Тут же вскрылись и хищения четой воспитателей продуктов, одежды, обуви, гвоздей, фанеры, и прочего, что выделялось на детей и ремонт здания Государством. Заодно выявили связи Кожуховых с местным участковым, «крышевавшим» чету за определённую долю доходов от реализации похищенного. Кожуховы получили по три года. Условно. С запретом восстановления на прежней работе. Участковый отделался строгим выговором. Не такое это было время, чтоб занимать тюрьмы и колонии воришками и расхитителями – там тогда сидели либо за убийства, либо за такое воровство, что доморощенные и банальные мышки-супруги ни в какое сравнение не шли с Крысами… И Крокодилами. Однако спустя семь лет Кожухов скончался при невыясненных обстоятельствах, похожих на несчастный случай. Утонул в бассейне, в котором и воды-то почти не было. Как показала экспертиза – в состоянии сильного алкогольного опьянения. С женой он к тому времени разошёлся, и у той был новый сожитель – из бывших уголовников. Заявления от соседей о пьяных дебошах сыпались буквально еженедельно. Поэтому никто не удивился, когда спустя ещё год женщину нашли с торчащим из сердца кухонным ножом, а сожитель не помнил об этом ничего… Что не помешало отправить его туда, откуда он сравнительно недавно вышел. Комиссар закрыл папку. – Я полагаю, в психологических нюансах ты разобрался. Думаю, сомнений в том, что юный Зисерманн был одной из «избранных» жертв, нет. – в тоне генерала не было иронии. Только печаль. – И ещё. Как-то так странно получилось, что даты смертей обеих воспитателей совпали с плановым отпуском небезызвестной тебе личности…

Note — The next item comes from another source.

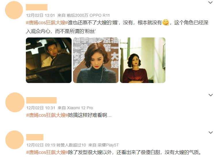 《狂飙》之后,也有不少演员或是网红尝试cos大嫂的形象,但都没有高叶的味道。近期,在综艺节目《王牌对王牌》中,唐嫣又因为cos大嫂上热搜,然而等待她的却是差评一片。

– Понятно. – комиссар осторожно подвинул папку обратно к генералу, словно та ещё могла кусаться, – Почему же ты мне сразу не?.. – Хотел сделать сюрприз. – Ну… Считай, сделал! Честно говоря, я не удивлён. Нет, Сергей, не подумай, что я сужу о русских только по тебе, Володе, и героям Достоевского: «сложный и непостижимый русский характер», травмы психики родом из детства, нереализованные амбиции, и всё такое…
Нет. Мне однозначно ясно, что Зисерманн очень талантлив. И как раз это делает его ещё опасней. Не то, что он озлоблен, похоже, на весь свет. Не то, что он никому не доверяет, и ни от кого не зависит… И, похоже, материально сейчас вполне обеспечен.
А именно то, что он слишком умён. А его детство, похоже, сняло с его психики оковы, накладываемые таким врожденным чувством нормальных людей, как Совесть.
Нет, «совестливость», как и уважение к окружающим из него точно «вытравили»… Выбили. Наверняка вот только не знаю – он так изобретателен и умен именно в силу «обработки»… Или это – природный талант.
Но опасен он – именно изощренностью, изобретательностью в способах. (Хотя с воспитателями практически ничего не изобретал. Похоже, всерьез боялся, что не успеет – те умрут «сами». )
Я опасаюсь, если он решит прибыть сюда, тебе не поможет видеонаблюдение в аэропортах и на таможенно-пропускных пунктах железных, и автодорог… Он может придумать что-то нетривиальное. Например, залететь на территорию на дельтаплане. Приплыть в подводной лодке. С аквалангом. Или ещё что-нибудь. А что думаешь ты сам?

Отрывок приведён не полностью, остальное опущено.